A Look At The History Of Douglas County Georgia


Douglas County in West Georgia was created by an Act of the Legislature on October 17, 1870, ranking 131st in order of creation of Georgia counties. The county seat, Douglasville, was named for Stephen Arnold Douglas, famed senator from Illinois and a Jacksonian Democrat who lost the 1860 race for president to Abraham Lincoln and is remembered for the Lincoln-Douglas debates preceding the War Between The States.
The Douglas County area was originally settled by the white man prior to 1848 by Abe, Rueben and Young Vansant of South Carolina. Young Vansant settled in what would become Douglasville, approximately two miles from the location of the current county courthouse. Mr. Vansant deeded forty acres to the county for its first courthouse in the area known as Skint Chestnut. At this point, the landscape rises to an elevation two hundred feet higher than its neighboring countryside, and on this summit there once stood a large chestnut tree, which, for years before the white men occupied the territory, was used by the Indians for a landmark. Afterwards, in order for the tree to be more conspicuous, the Indians skinned it from top to bottom. Here, over the course of time, the roads began to converge. As a place from which distances could be measured conveniently, the settlers called it by the name Skint Chestnut.
Douglas County has an interesting historical background. Here, the Cherokee and Creek Indians hunted, fished, lived and fought each other for many years. The U.S. History removed the Creeks in 1828 and the Cherokee in 1838.
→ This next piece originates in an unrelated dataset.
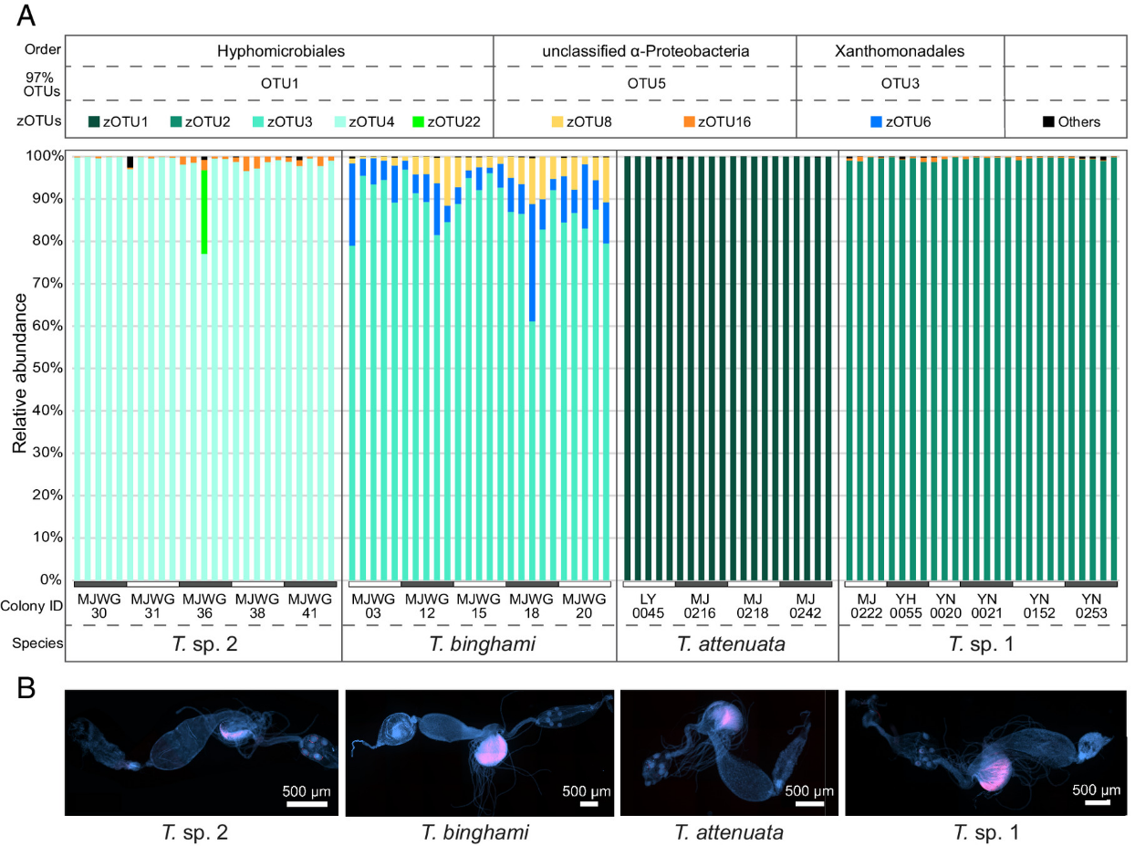 图2 四种 T. nigra 种团工蚁体内共生菌组成和定殖位置

The sacred ground from the Gold Rush Era is still visible in northwest Douglas County. Sweetwater Creek State Park, 2,020 acres of magnificent scenery lying along Sweetwater Creek in east Douglas County, has historical interest dating back to the 1850's when a water-powered cotton and yarn factory was built. This, along with other buildings, was burned by General Sherman on his "scorched earth" march through Georgia in 1864. Lithia Springs, originally called Deer Lick and later named Salt springs, was once the site of a thriving spa with elaborate grounds around the Chatauqua School Of Enlightenment and the Sweetwater Park Hotel. This great resort was known as the "Saratoga Springs of the South". Many famous people were entertained here in the 1800's and on through the turn of the century.
Winston, known as Winn Town, was an important community from early county history, as were Bill Arp, and Fairplay. McWhorter was a thriving community as far back as the 1880's. Mt. Carmel and Chapel Hill were exciting communities even in pre-Civil War times. At that time, they belonged to "old" Campbell County. When the area became Douglas County, the first election was held at Chapel Hill.